= Robbie Allen (musician) =

American bassist and guitarist

Robbie Allen, also known as Rob Rule, is an American bassist and guitarist from Seal Beach, California. He has played with Tender Fury, The Vandals, One Hit Wonder, Candlebox, and as a live member of the Red Hot Chili Peppers.

==Career==
Allen grew up in Seal Beach, California. He began playing in bands in the 1980s as a member of Jack Grisham's Cathedral of Tears. He also played bass for Grisham in Tender Fury, before forming the band Gypsy Trash with Grisham's sister D.D. Wood. Following this, he played bass for The Vandals on their 1989 album Slippery When Ill. In 1992, he sang backing vocals on Rikk Agnew's solo album Turtle. He also recorded with Rat Scabies on a project that was never released, before forming the band One Hit Wonder.

Allen left One Hit Wonder in 1993 to record an album "She Gets Too High" for Mercury Records under the moniker "Rob Rule". The album was produced by Don Gehman, and as part of its promotion, he opened for Dada and Candlebox.

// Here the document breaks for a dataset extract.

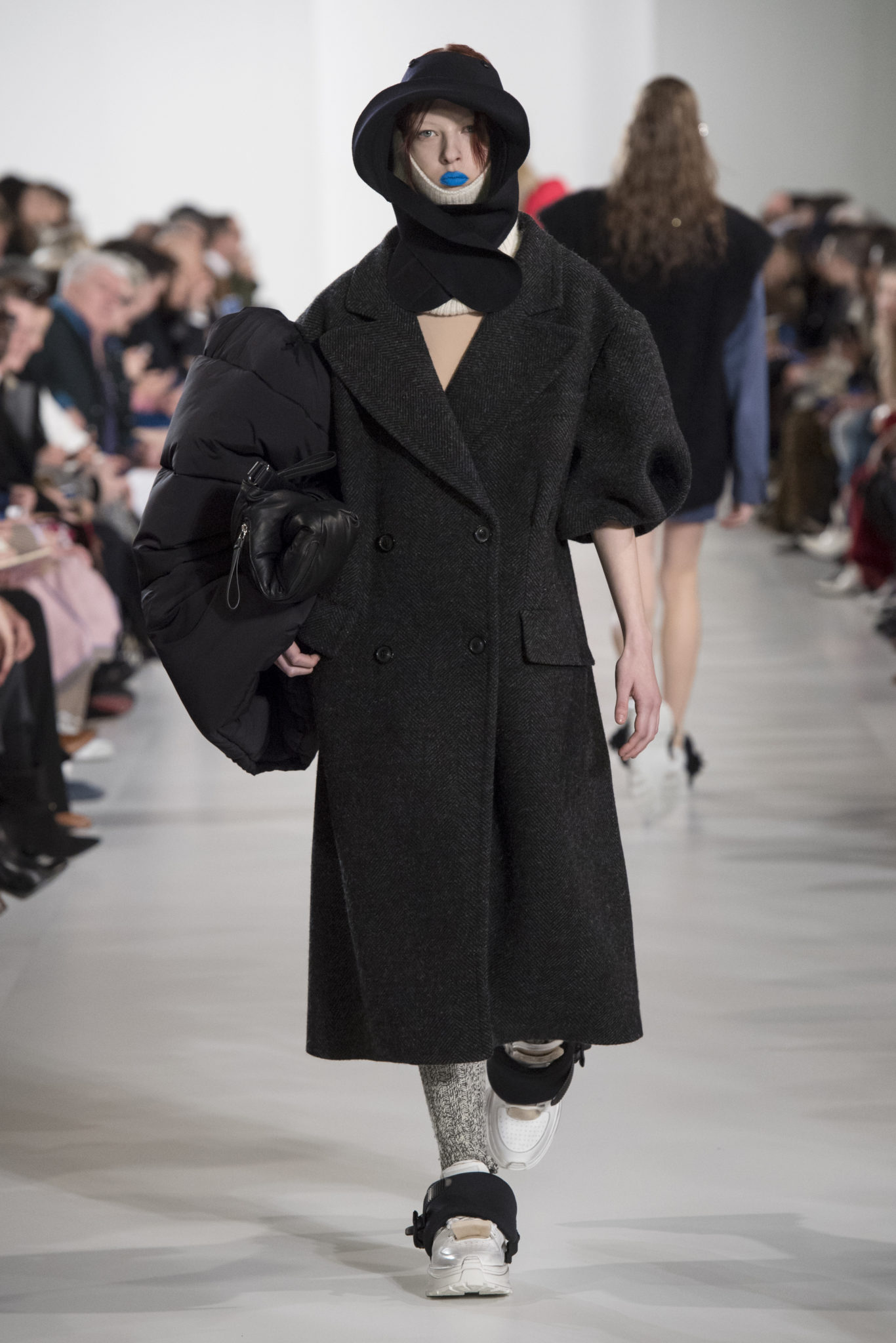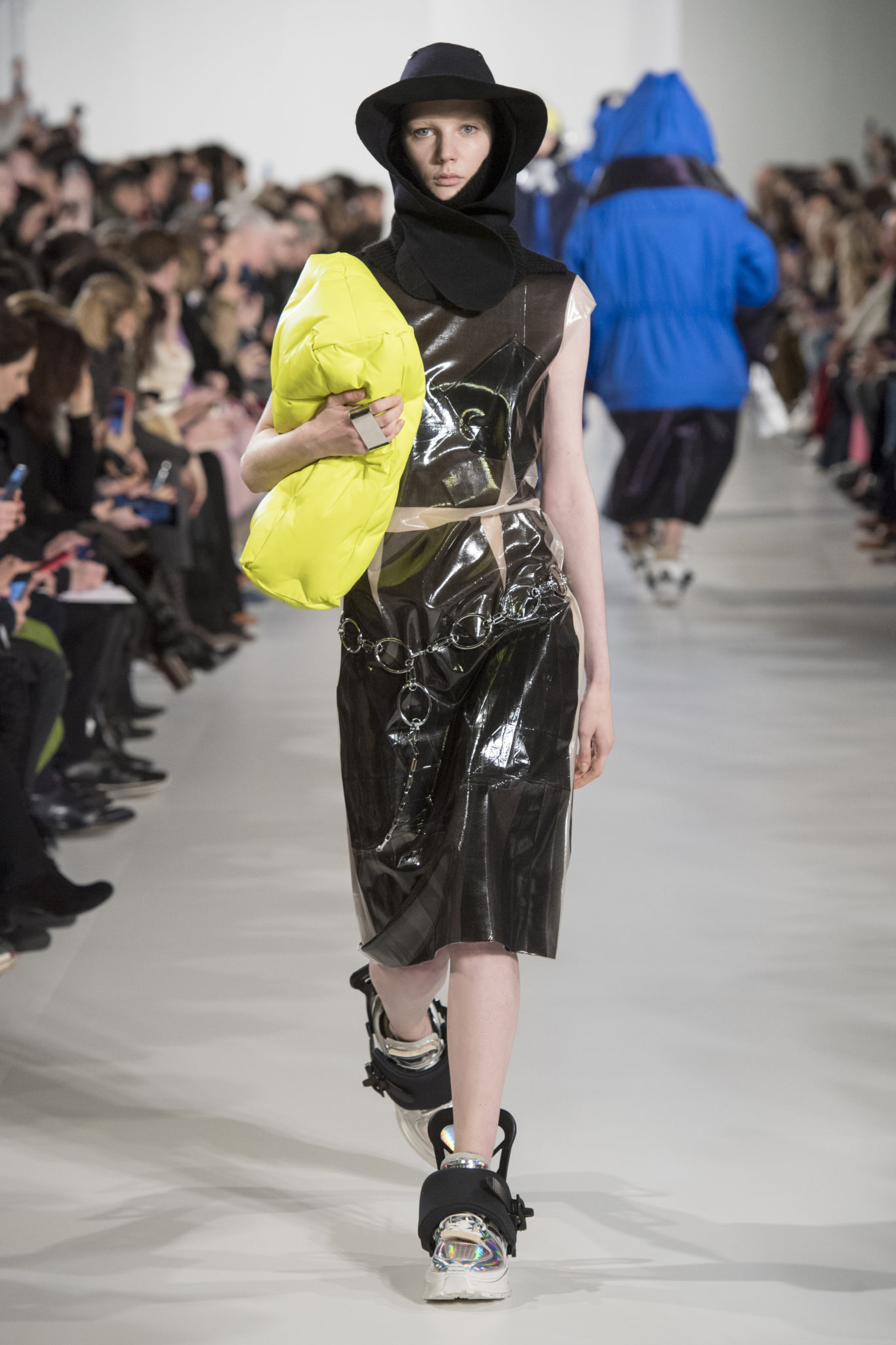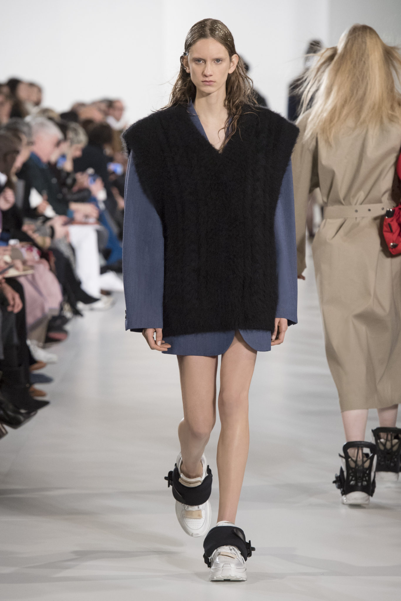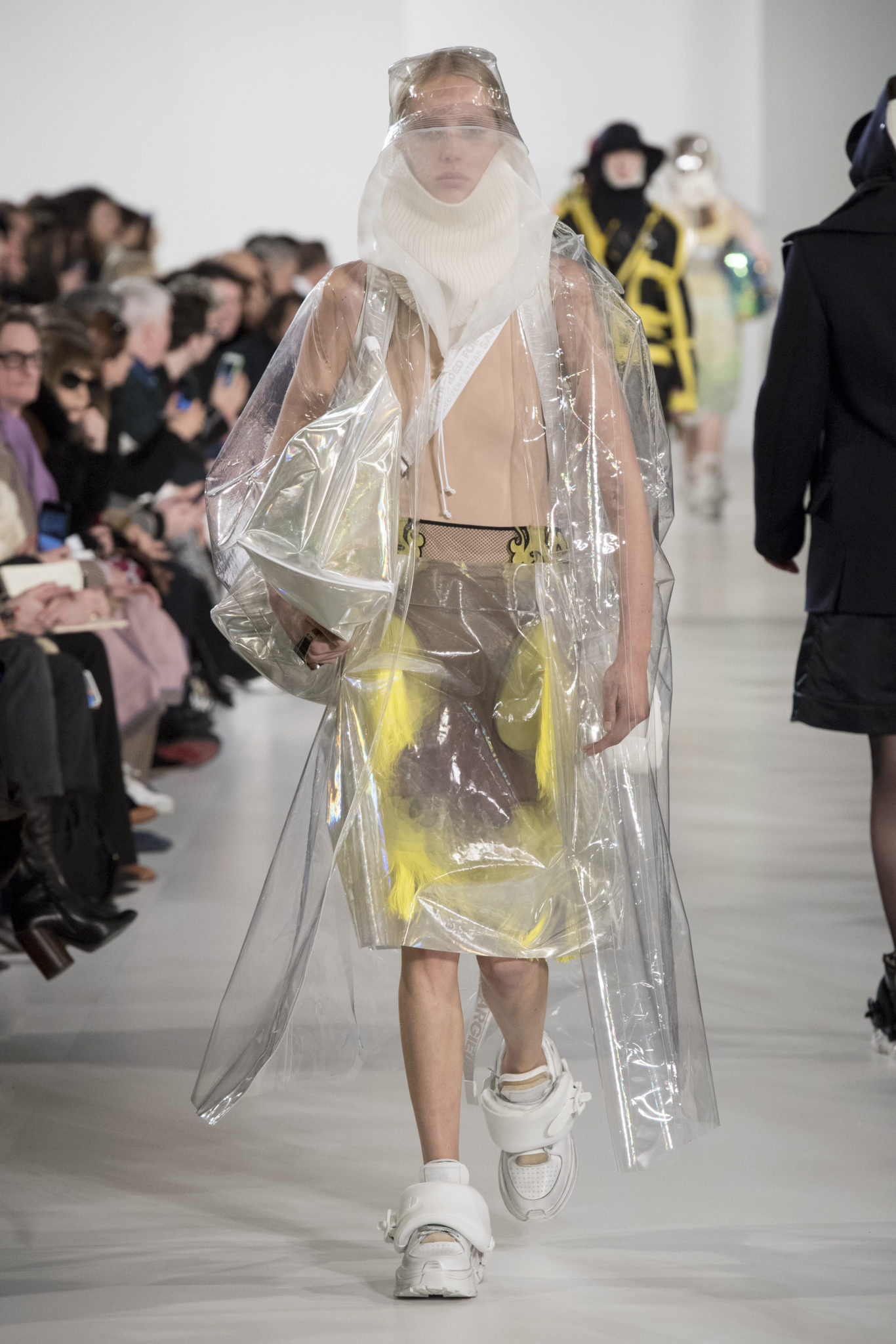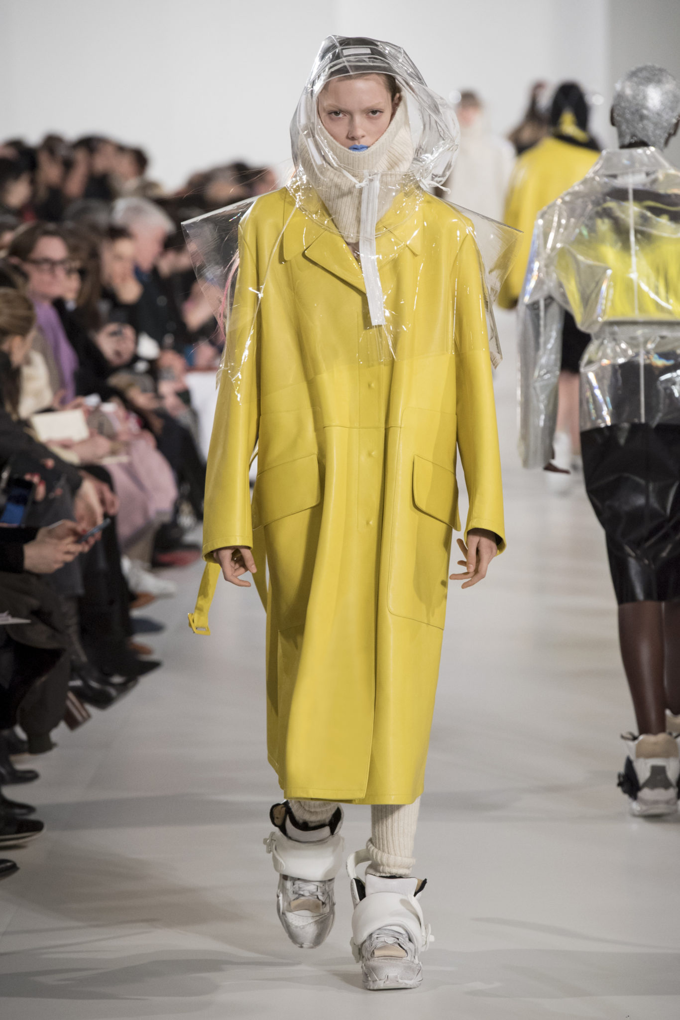 S’habiller à l’envers est une idée aussi subversive qu’un glamour décontracté : un trench-coat porté négligemment sous une robe, un pull jeté sur un blazer, ou l’aperçu d’un tricot de pêcheur sous une jupe transparente. Pour l’automne-hiver 2018, le directeur artistique John Galliano se penche sur la garde-robe inversée mise en place à la Maison Margiela. Les silhouettes de la Haute Couture sont précisées par des vêtements réalisés dans des volumes sculptés magnifiés. Les vêtements d’extérieur se transforment en robes lorsqu’ils sont mis à la hâte. C’est un manteau de nylon porté sous une veste en cuir décortiqué ou une salopette déconstruite posée sur un trench-coat. Séduire l’œil, les matériaux illusoires créent des souvenirs du familier. Un manteau d’hologramme transparent enveloppant des couches multicolores de franges de viscose, de tulle et d’organza évoque les codes du rodéo. Une veste décortiquée gris melange est incrustée du souvenir d’un tricot d’Aran moulé en caoutchouc. La fusion de garde-robes authentiques approprient l’inapproprié. Elles sont illustrées dans l’association d’un blazer à chevrons avec un tricot de pêcheur, ou dans une jupe en relief avec le souvenir d’une jupe de rodéo. Dans un jeu entre les couches, la transparence et la réflexion, les vêtements deviennent transformateurs et génèrent un sentiment de glamour inconscient.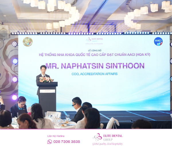 Đại diện AACI Châu Á – Thái Bình Dương, Ông Naphatsin Sinthoon, gửi lời chúc mừng Elite Dental trở thành hệ thống nha khoa đầu tiên tại Việt Nam được trao chứng nhận AACI.

During this time, Allen made his primary living as a guitar tech for the Red Hot Chili Peppers. Occasionally he played with the band as a live guitarist and backup singer, and opened shows for them as a solo act, sometimes with Chad Smith drumming. In 1996, Allen recorded the album Monkey on Rico as part of the band Thermadore, a project that featured Chad Smith, Josh Freese, and Stone Gossard. Allen served as Thermadore's lead singer and songwriter. He teamed up with Jack Grisham again in 1996, singing backing vocals on Joykiller's album Static.

Allen joined Candlebox after their album Happy Pills was released, playing guitar for them from 1998 until their split in 2000. He would continue to work with Candlebox singer Kevin Martin as a composer and background vocalist on Martin's 2003 album The Possibility of Being. In 2008, he released his own solo album Artificial Horizon.

In 2017, Allen played in an act called "Cowboy and Indian" with Antoine Arvizu and Sublime bassist Eric Wilson. The trio opened for Mike Watt.